A deployed carrier has a coronavirus outbreak. Her husband is on board.
Imagine your spouse or family member is deployed on a carrier. Now, imagine it's during a global pandemic, which has notoriously infiltrated cruise ships, rendering hundreds of passengers ill. Finally, imagine you learn that your loved one's ship is impacted by scrolling through Facebook and reading a headline.
Unfortunately, this imagined scenario is one military spouse's reality.
Elizabeth (whose last name we won't use for personal security reasons) was looking at Facebook, taking a much-needed break from quarantine with her four kids, when she saw a friend (whose husband is deployed with hers) had posted an article by Business Insider that immediately stopped her scroll: "There has been a coronavirus outbreak aboard a deployed US Navy aircraft carrier." The article states that there have been three confirmed cases of COVID-19 on the USS Theodore Roosevelt - Elizabeth's husband's ship.
Her heart sank. "We haven't heard from them in awhile," she said in an interview with WATM. "Anytime anything noteworthy happens, communication goes down whether on purpose or by coincidence," she shared. She immediately got on the phone with other spouses to see if anyone had heard through official or personal channels what was going on.
Communication varied. One spouse got a voicemail from her sailor that he was fine. Another received a quick email saying there were only two cases on the ship, while one other had heard 15 sailors had it. This rumor mill is exactly why comms are shut down, to prevent misinformation for families desperate for an update.
When asked if she was upset she hadn't heard from her husband, Elizabeth laughed. "Oh, I'm not surprised," she said. "He's a team player. I know he would make sure all of his people had a chance to use the phone or email if there was an opportunity to do so before he did. He's been in for 14 years and he's been deployed a lot -- he's had almost six years of sea time. Really, this is not even the worst communication he's had on a deployment. I've gotten used to that -- nobody has all of the information; you just hope for the best and wait for your family member to contact you."
But in the meantime, Elizabeth feels the weight of the gravity of the situation.

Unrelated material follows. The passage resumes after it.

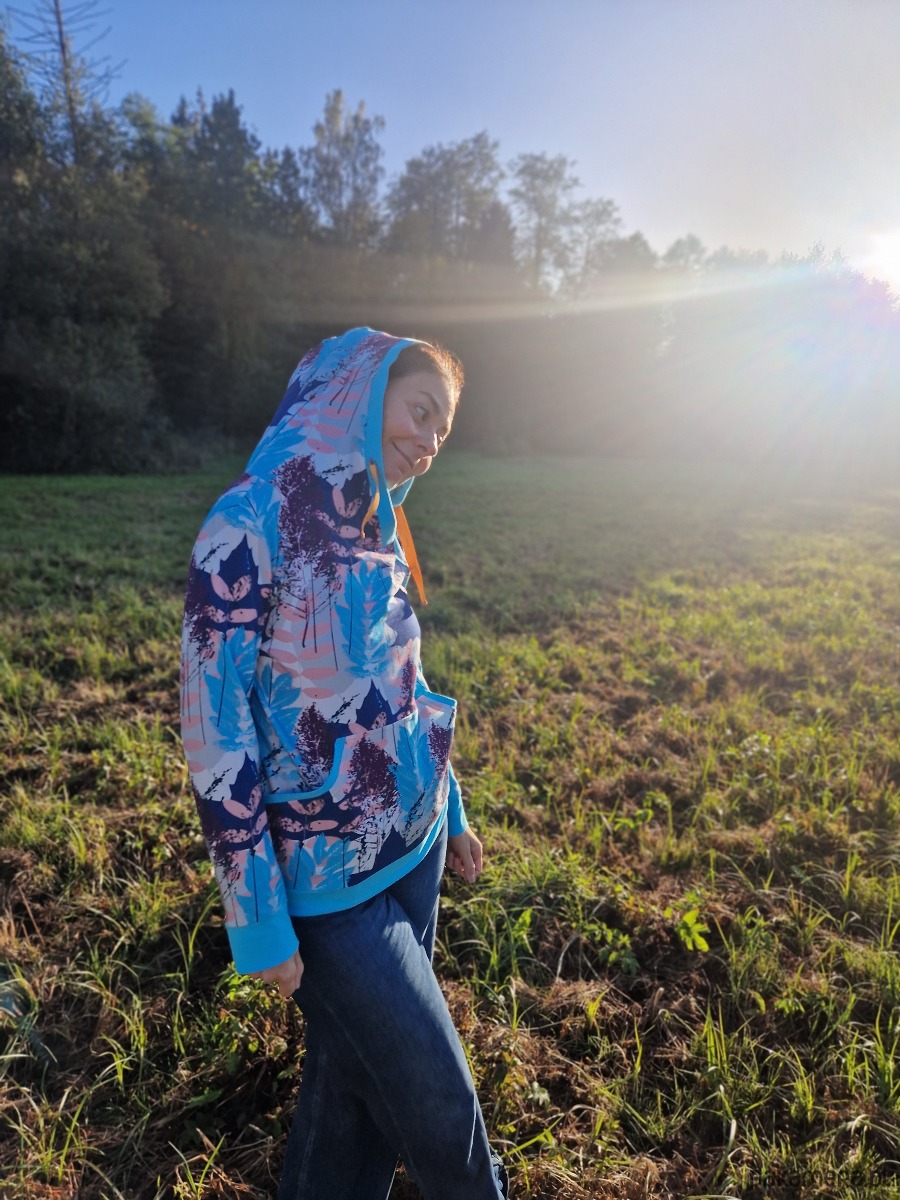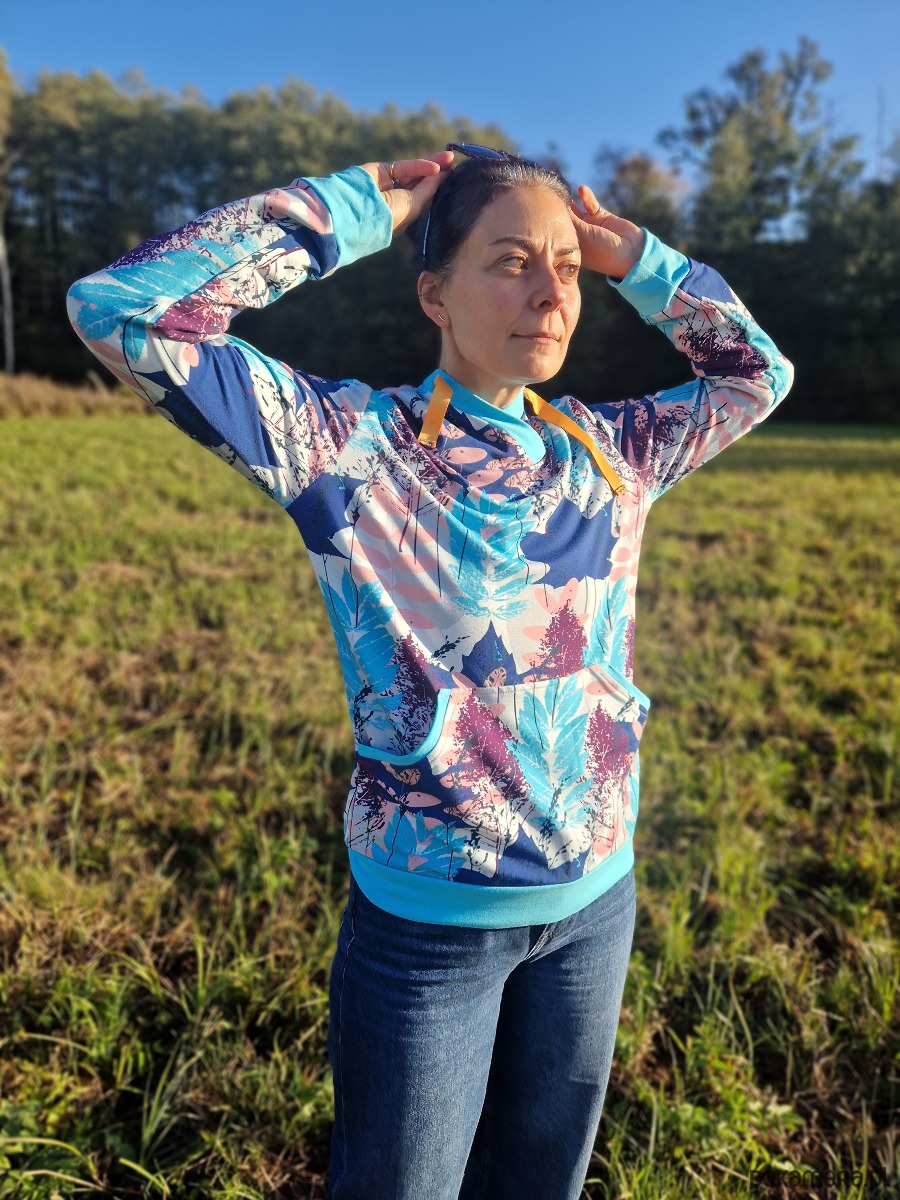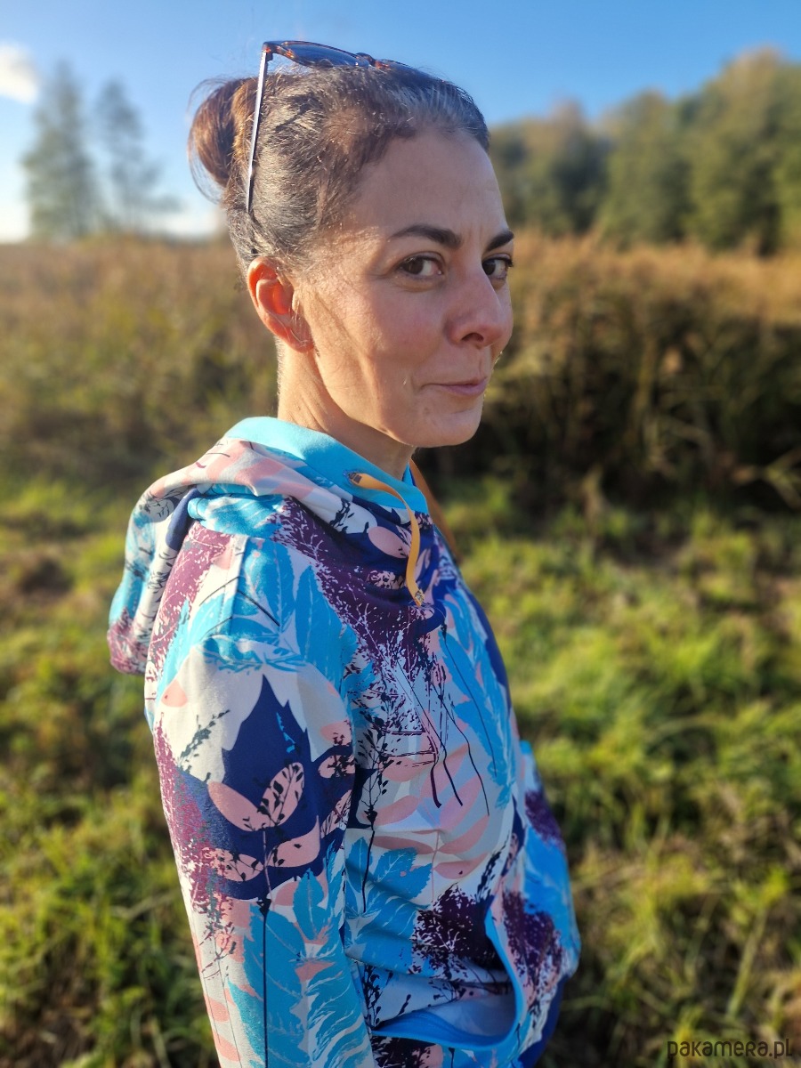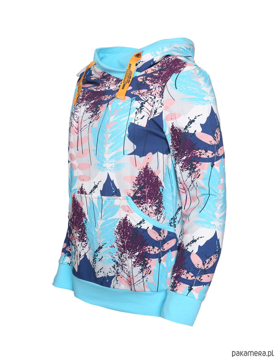 Bluza kangurka z kapturem Jukon to wyjątkowy projekt, który łączy w sobie polskie rzemiosło z inspiracją naturą Kanady. Jej nazwa oraz wzór z liśćmi klonu odwołują się do symbolu tego kraju i surowego, dzikiego piękna północnych krajobrazów. Utrzymana w chłodnych błękitnych odcieniach, przywodzi na myśl spokojne jeziora, górskie przestrzenie i świeże, czyste powietrze.

"I'm trying not to go into panic mode yet," she said. "It's the military, you just don't know, but I hope if my husband was sick, someone would tell me." Elizabeth also wants to know what protective and preventive measures are being taken. "It sounds like from the article that the sick sailors were medevaced and now it's just business as usual. But in my mind, the likelihood of it being isolated is very small. They're on top of each other in close quarters and there are 5,000 of them. They use the same phones, touch the same doors, eat together, share work space. It's a floating petri dish. I want to know what they're doing to sanitize. How closely they're monitoring things. Is someone asking them every day? Are they taking temperatures? Are they really doing everything they can to keep our sailors safe?"
While Elizabeth is worried about her husband, she also has a healthy dose of perspective and a great sense of humor. She's thankful to be surrounded by family and a community that continues to support her. "I don't know what I'd do without them," she said. Elizabeth and her husband have a five year old, three year old and twins who are just one and a half. "We had a lot of time on shore duty," she laughed. "We got cocky thinking we would have one more and then boom: twins."
When asked how she's really coping with four kids in quarantine and a spouse deployed on a "floating petri dish," Elizabeth took a long sigh but said, "Honestly, I feel like military spouses are better prepared for this than anyone. With military life, we spend a decent amount of time figuring it out on our own. I wouldn't say this is even the most isolated I've ever been. The 'not knowing what's going to happen,' not knowing what the schedule is going to be in a few weeks or months, it's par for the course for us. I've been through the ringer enough times with the Navy, but for a lot of our friends, this is their first deployment. Mostly my heart has been with the ones who haven't been through this before because I remember how it felt when all of this was new."
Elizabeth shared the importance of reaching out. "Military community is so, so important. I love that the word encourage literally means to impart courage ... that's who the military spouse community is for me -- it's courage by proxy. The news is full of stories of women who are worrying they might be forced to give birth alone due to coronavirus restrictions, but military spouses have been giving birth to babies without family or husbands there, often overseas, for as long as time. They've moved alone, pursued careers alone, overcome all of these obstacles. One of the things you deal with is that feeling of isolation, which is so perfectly themed for where we are in the world right now. But you're never really alone."
Elizabeth continued, "It was so hard to hear the news of coronavirus on the ship, but it was so great to be surrounded by so many people who exactly know what we're going through. There is strength in numbers. We're not the only family going through this. We'll be okay."